## [AIM OF THE EXERCISE]
Where the line with "Green Healing Series" appears below, start writing out lines exactly, and finish with the line with "Residents benefit from", which is included; write out nothing else.

## [RECORD EXTRACTS]
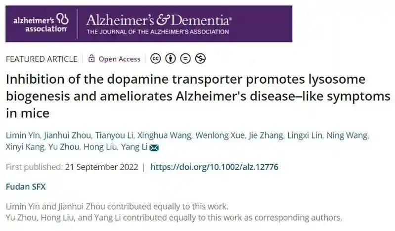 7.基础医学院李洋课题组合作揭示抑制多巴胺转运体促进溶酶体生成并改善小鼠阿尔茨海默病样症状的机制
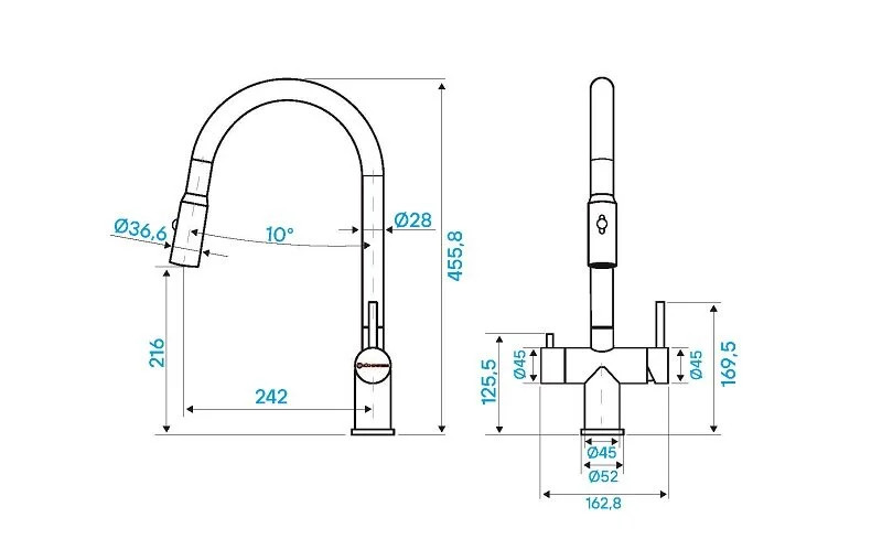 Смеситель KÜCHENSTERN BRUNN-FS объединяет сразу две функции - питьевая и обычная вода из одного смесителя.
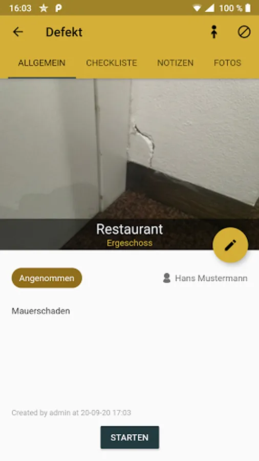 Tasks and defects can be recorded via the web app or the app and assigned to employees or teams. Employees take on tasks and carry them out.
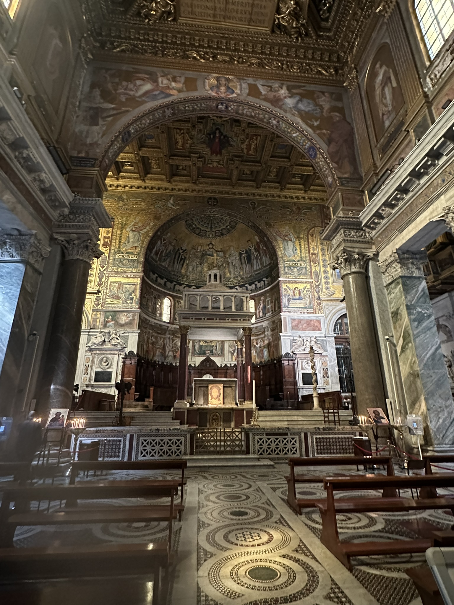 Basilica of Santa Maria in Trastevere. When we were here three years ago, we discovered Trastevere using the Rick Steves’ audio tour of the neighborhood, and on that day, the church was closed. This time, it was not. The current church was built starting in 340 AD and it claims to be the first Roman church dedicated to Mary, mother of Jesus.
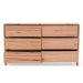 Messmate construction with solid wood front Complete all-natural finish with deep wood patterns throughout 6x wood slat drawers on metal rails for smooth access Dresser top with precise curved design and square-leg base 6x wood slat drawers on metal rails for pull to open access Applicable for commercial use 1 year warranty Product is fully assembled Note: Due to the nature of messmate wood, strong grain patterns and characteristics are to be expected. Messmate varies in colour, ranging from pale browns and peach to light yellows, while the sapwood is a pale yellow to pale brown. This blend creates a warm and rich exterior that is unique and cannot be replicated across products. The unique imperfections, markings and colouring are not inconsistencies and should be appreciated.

--

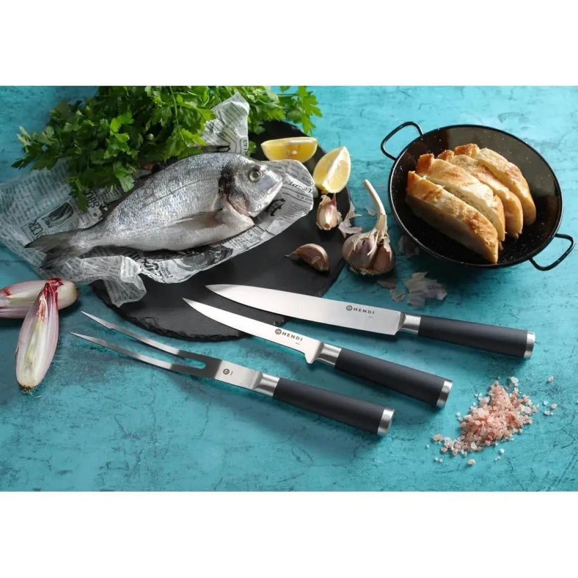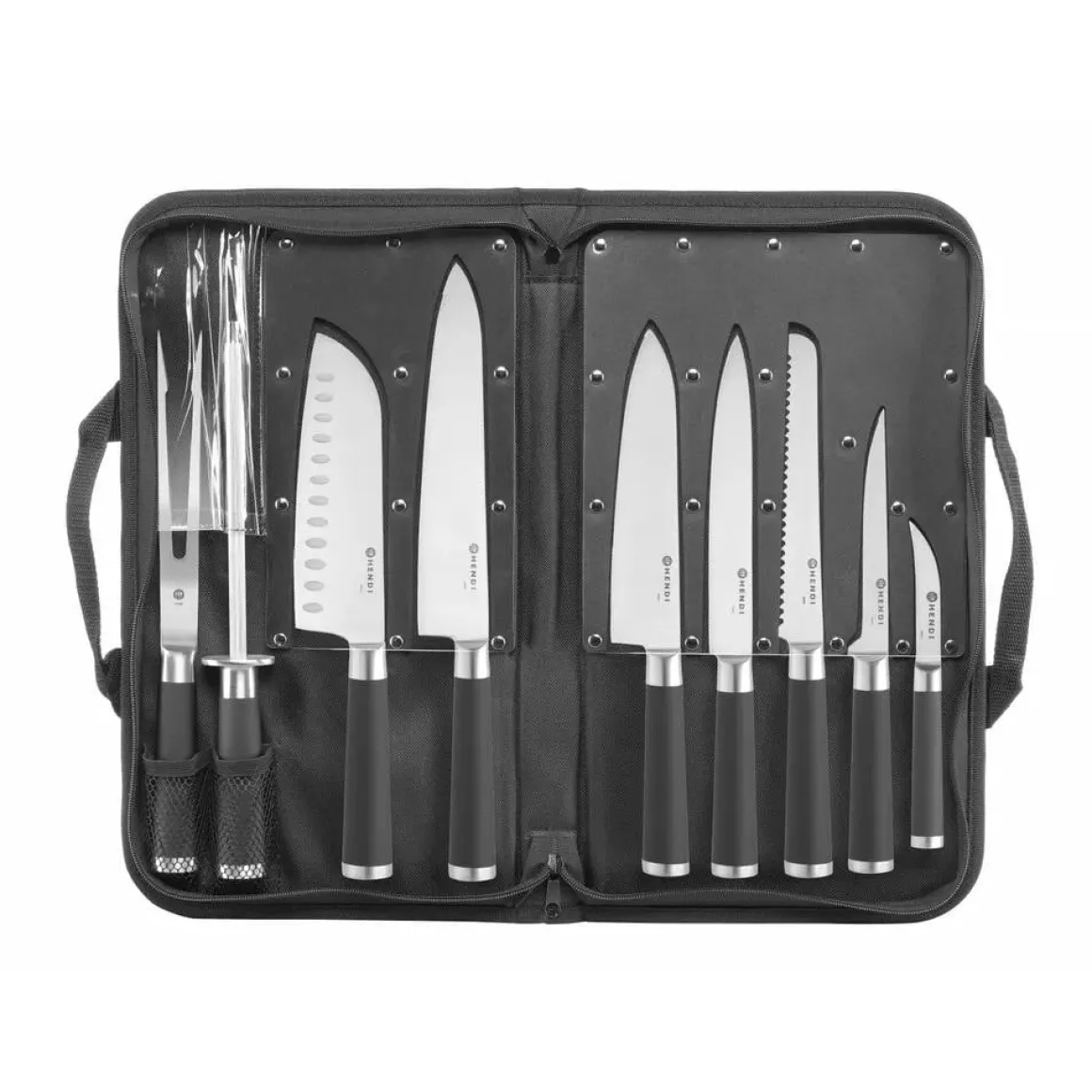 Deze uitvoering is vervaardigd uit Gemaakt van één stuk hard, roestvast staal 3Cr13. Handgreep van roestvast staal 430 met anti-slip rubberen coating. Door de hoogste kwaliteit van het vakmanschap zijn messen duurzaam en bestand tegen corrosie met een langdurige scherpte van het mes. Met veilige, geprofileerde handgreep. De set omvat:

* * *

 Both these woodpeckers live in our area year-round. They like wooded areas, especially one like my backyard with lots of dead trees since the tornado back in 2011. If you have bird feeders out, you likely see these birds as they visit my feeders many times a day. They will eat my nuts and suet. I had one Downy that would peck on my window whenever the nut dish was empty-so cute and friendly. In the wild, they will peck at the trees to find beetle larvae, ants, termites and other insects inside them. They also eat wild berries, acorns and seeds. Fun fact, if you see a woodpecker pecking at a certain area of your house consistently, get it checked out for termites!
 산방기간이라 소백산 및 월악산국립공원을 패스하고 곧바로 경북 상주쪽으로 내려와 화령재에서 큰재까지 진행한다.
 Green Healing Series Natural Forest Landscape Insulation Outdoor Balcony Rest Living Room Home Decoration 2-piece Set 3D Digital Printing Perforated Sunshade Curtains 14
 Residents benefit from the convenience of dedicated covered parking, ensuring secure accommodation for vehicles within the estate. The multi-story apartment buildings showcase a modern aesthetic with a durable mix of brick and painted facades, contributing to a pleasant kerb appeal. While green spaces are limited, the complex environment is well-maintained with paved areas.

## [EXERCISE SOLUTION]
 Green Healing Series Natural Forest Landscape Insulation Outdoor Balcony Rest Living Room Home Decoration 2-piece Set 3D Digital Printing Perforated Sunshade Curtains 14
 Residents benefit from the convenience of dedicated covered parking, ensuring secure accommodation for vehicles within the estate. The multi-story apartment buildings showcase a modern aesthetic with a durable mix of brick and painted facades, contributing to a pleasant kerb appeal. While green spaces are limited, the complex environment is well-maintained with paved areas.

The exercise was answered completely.